Exercise instructions = In the entries below, find the line with "展示區(qū)借上饒八景提煉" and the line with "河南省重点高中2025届高三年级青桐鸣11月大联考 数学"; copy them and every line between them exactly, but not the pictures.

Extracted material =
Start of Block
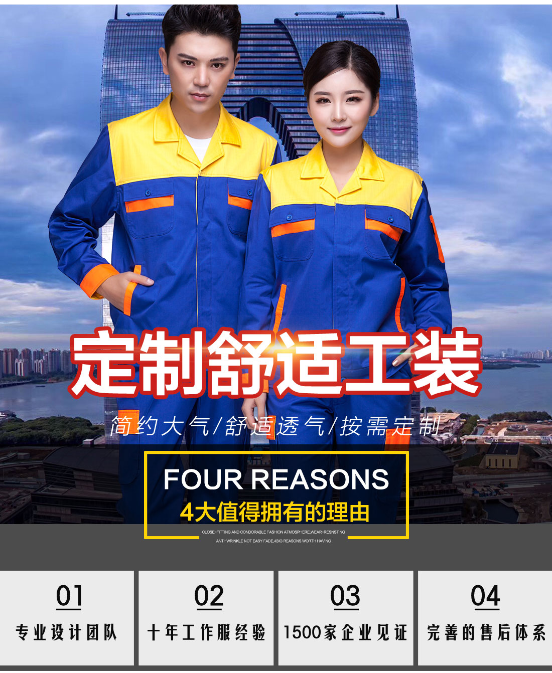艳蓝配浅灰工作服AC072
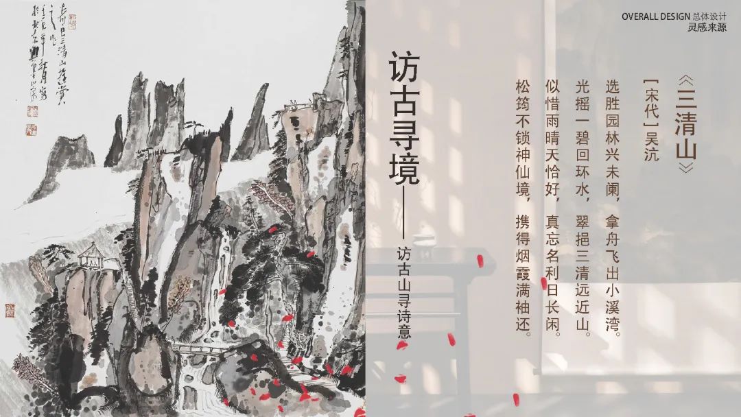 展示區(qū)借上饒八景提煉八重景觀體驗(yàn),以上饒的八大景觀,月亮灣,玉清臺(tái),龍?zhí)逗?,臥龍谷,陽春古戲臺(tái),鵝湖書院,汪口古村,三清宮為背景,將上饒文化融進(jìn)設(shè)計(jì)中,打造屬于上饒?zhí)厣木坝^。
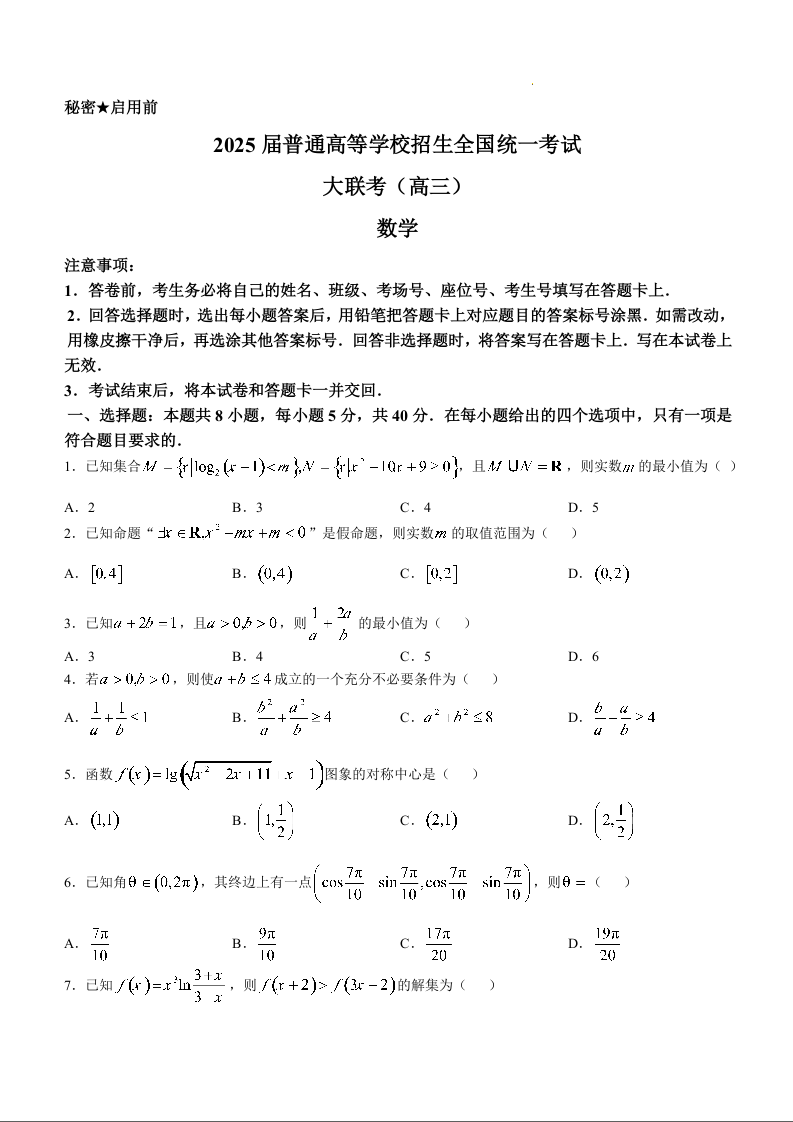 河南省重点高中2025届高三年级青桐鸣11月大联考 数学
End of Block
Start of Block
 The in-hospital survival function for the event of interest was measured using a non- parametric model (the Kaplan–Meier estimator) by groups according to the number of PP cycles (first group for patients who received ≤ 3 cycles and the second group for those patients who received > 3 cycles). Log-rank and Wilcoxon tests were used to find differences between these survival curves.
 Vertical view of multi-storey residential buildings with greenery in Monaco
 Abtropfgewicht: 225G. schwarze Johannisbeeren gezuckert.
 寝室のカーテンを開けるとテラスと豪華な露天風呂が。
End of Block
Exercise output =
 展示區(qū)借上饒八景提煉八重景觀體驗(yàn),以上饒的八大景觀,月亮灣,玉清臺(tái),龍?zhí)逗?,臥龍谷,陽春古戲臺(tái),鵝湖書院,汪口古村,三清宮為背景,將上饒文化融進(jìn)設(shè)計(jì)中,打造屬于上饒?zhí)厣木坝^。
 河南省重点高中2025届高三年级青桐鸣11月大联考 数学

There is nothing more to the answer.